Priorities For Improving Labor Productivity 

Fortunately, as Sahni and colleagues note, there are many opportunities to improve labor productivity in health care delivery, especially in clinical labor, which accounts for nearly 60 percent of the workforce and is the most expensive labor (for example4, a physician salary is nearly twice that of a non-physician clinician). How do we do this? First, there is a tremendous opportunity in physician schedules: On average a physician’s schedule density is only 80 percent, with top provider systems reaching 90–95 percent. Some analysts believe that solving this problem could address almost all of the projected physician shortage. However, doing this in a vacuum, without reducing administrative tasks for clinicians, would further exasperate physician burnout, a growing concern. 

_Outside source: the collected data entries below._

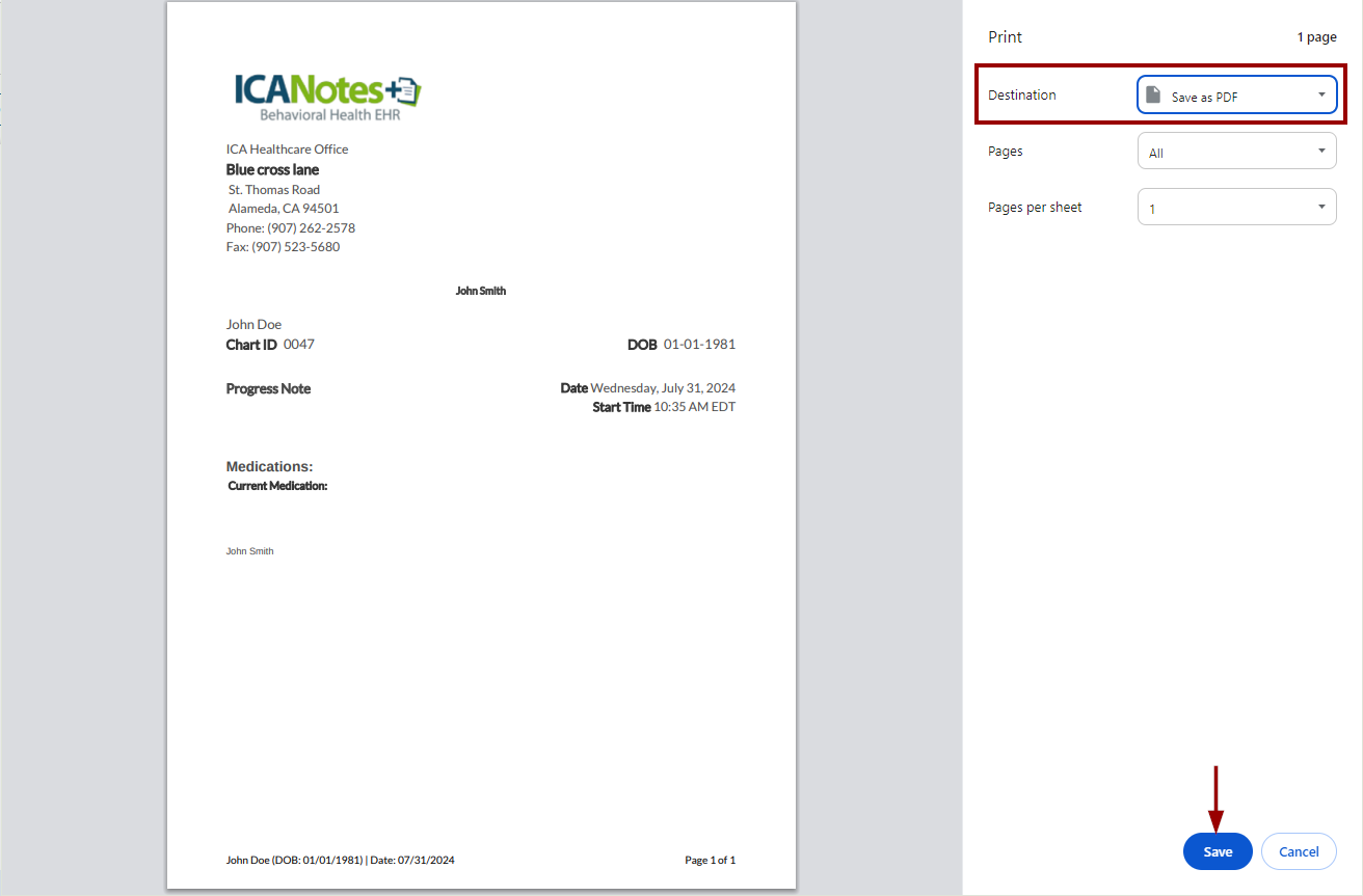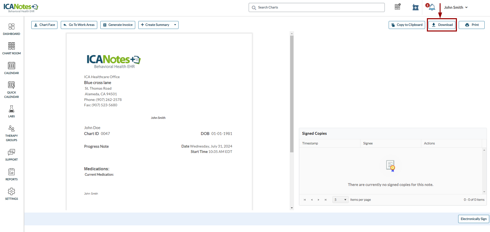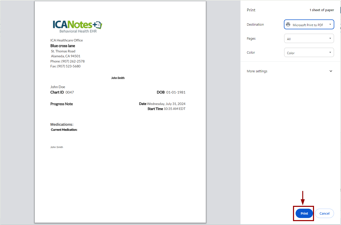Note: In this knowledge base article, the Progress Note is considered as an example. Similarly, you can print or download the respective notes.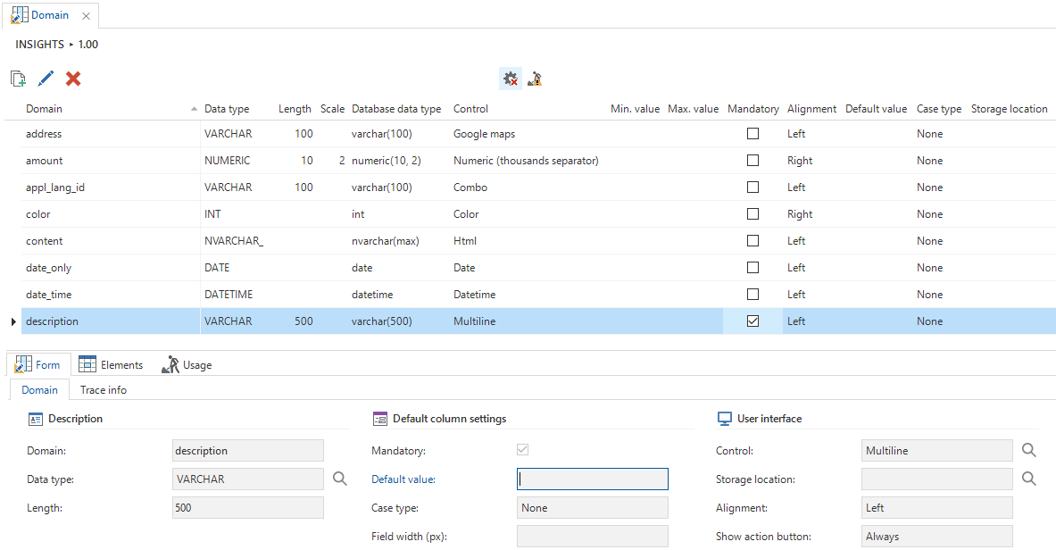 Several default settings for columns can also be provided. An example of this is the Mandatory field. If this is checked, new columns created with this domain are also mandatory by default. You can still uncheck this option on a per column basis.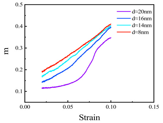 The above results demonstrate that the mechanical properties of polycrystalline Cu6Sn5 are affected by strain rate during tensile processes. Thus, strain rate sensitivity, m, is used to measure sensitivity, as shown in Equation (4) [45], where and represent flows stress and strain rate, respectively. Since the effects of grain size are more obvious at lower strain rates, the strain rates used in this calculation were 0.001 and 0.0001 ps−1, respectively. The strain range corresponding to flow stress is 0.02–0.08 (Figure 4e,f). Polycrystals with four grain sizes (20, 16, 14, and 8 nm) were selected for analysis. The results are shown in Figure 9. The results showed that the strain sensitivity of small grain size polycrystals is greater than that of larger grain size polycrystals. The strain rate sensitivity decreases with increasing grain size. At the same time, the strain rate sensitivity increases with increasing strain with the four-grain size polycrystals.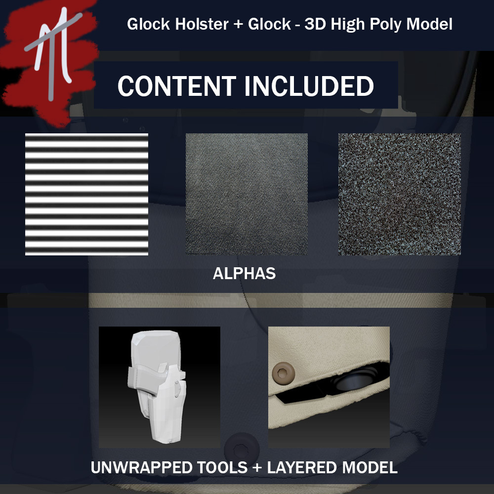 A customizable High Poly Glock Holster and Compact Glock base model modeled in zbrush. The file comes with all the custom alphas and models I used to create the model as well as the obj files of the separate pieces of the model.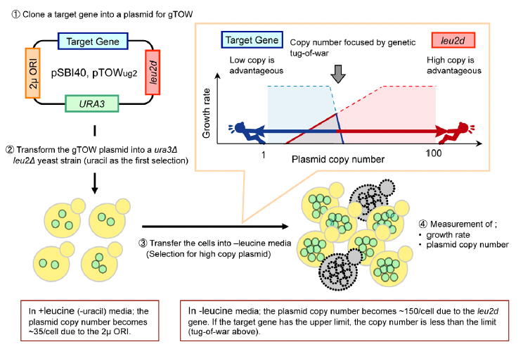 分裂酵母のgTOW(pombe-gTOW)を始めるきっかけは、沖縄大学院大学(OIST)の前身プロジェクトのシンポジウムで、分裂酵母の大御所のY先生が守屋の出芽酵母のgTOW実験の結果を見て、「分裂酵母だとこうはならない」、と言ったことだった。「それならば分裂酵母で試してやろうじゃないか」、ということで分裂酵母をはじめてみた。出芽酵母と同じく酵母とは言えやはりそれなりに勝手が違い、それなりに扱いが難しい。だが、この時、分裂酵母のgTOWの系を作ったおかげで、真核細胞に共通する原理を調べることができるようになった。分裂酵母のgTOWは、バックボーンのプラスミドづくりからしっかり作った。かなり良くできた系。

The second prong of labor productivity improvement, therefore, should be focusing on reducing time-wasting, burnout-inducing administrative tasks done by clinicians. The McKinsey report notes that, shockingly, 36 percent of the work nurses do could be done by someone else with less specialized training; and internists reported spending 48 minutes per day inputting data.   

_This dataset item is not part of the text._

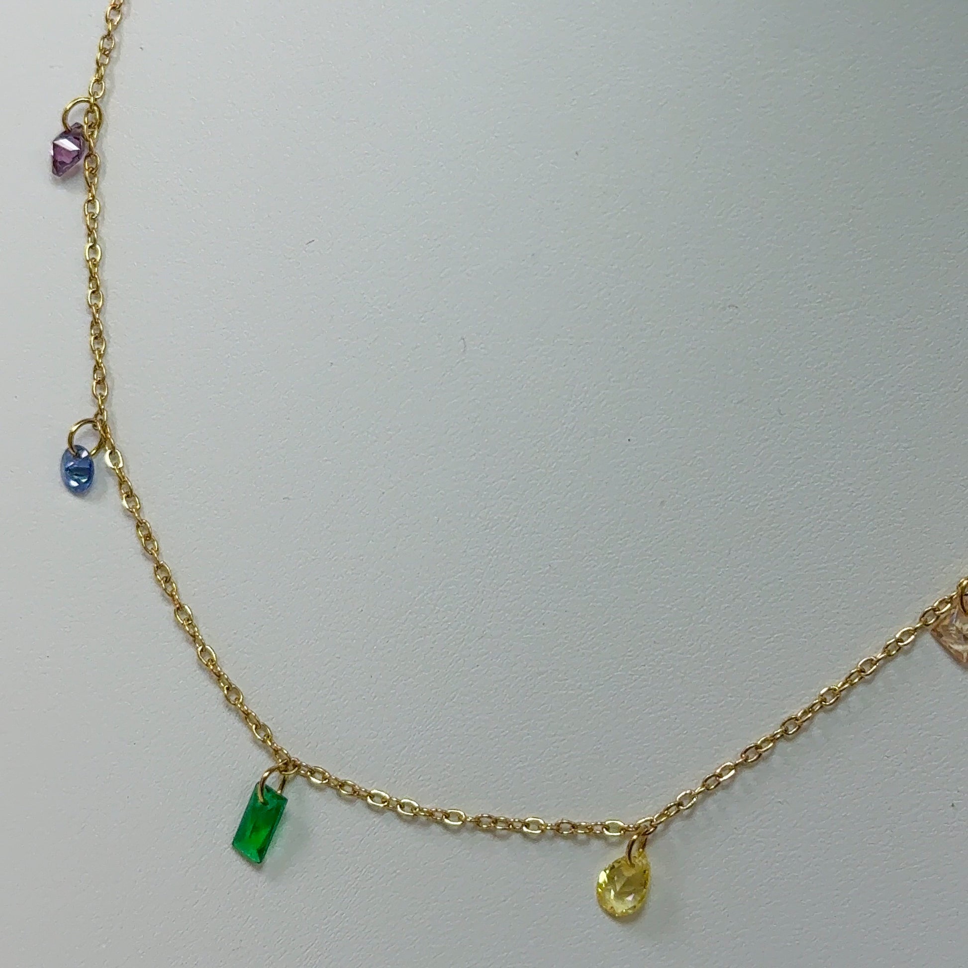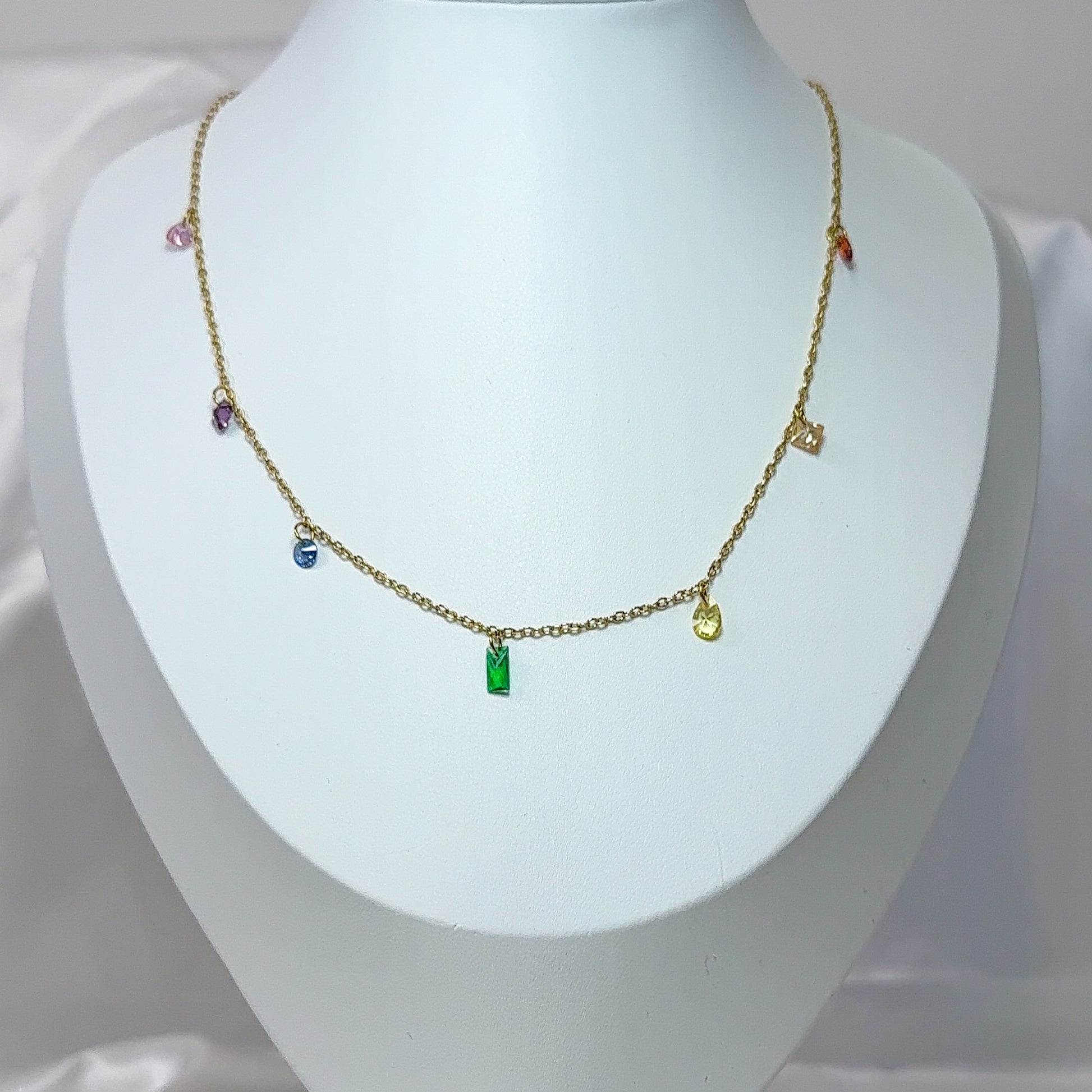 Ajoutez une touche de fantaisie à votre look avec le collier Laurie. Cette pièce légère et joyeuse se compose d’une fine chaîne dorée en acier inoxydable et de petits pendentifs colorés (charms) aux formes et tailles variées : gouttes, cœurs, pierres facettées…

Finally, the highest priority should be focusing on reducing non-value-added administrative labor. Our health care system has evolved into a byzantine set of administrative rules and processes that add time and expense with very unclear effects on outcomes. Today, hospitals employ office buildings full of people to generate the codes, bills, and clinical documentation needed to get paid. Anecdotally, a leader of one large health system shared with me that the organization employs one revenue cycle employee for every two beds. Health plans employ call centers to try to verify provider directories with little success. Massive risk-adjustment coding and data collection industries flourish to help health plans and providers get paid more from the government. All of these areas are ripe for disruption by computers, which never get tired. Even better would be rethinking the process for how payments are made and patient risk accounted for, and standardizing the rules, forms, and process steps across all health plans. Sahni and colleagues found that using known technologies, billing and insurance-related spending could be reduced by about 17 percent; another 10 percent could be captured by creating data clearinghouses, similar to those we have used in banking for decades. 

Looking Ahead 

Unleashing health care labor productivity is the most powerful thing that we can do to make health care more affordable. Fortunately, the US economy is the best in the world at labor productivity in other sectors, and all of actions proposed here can be done with technologies that exist today and are proven effective in other sectors. If health care labor productivity does not improve, the ramifications will be expensive and force painful budget tradeoffs. Since most health care spending is supported through taxes, without figuring out how to generate productivity, either taxes go up a lot, wages fall a lot, or both. Let’s hope that one of the benefits of big technology companies such as Amazon, Google, and Apple entering health care is that they infect the ecosystem with their 10-times better labor productivity.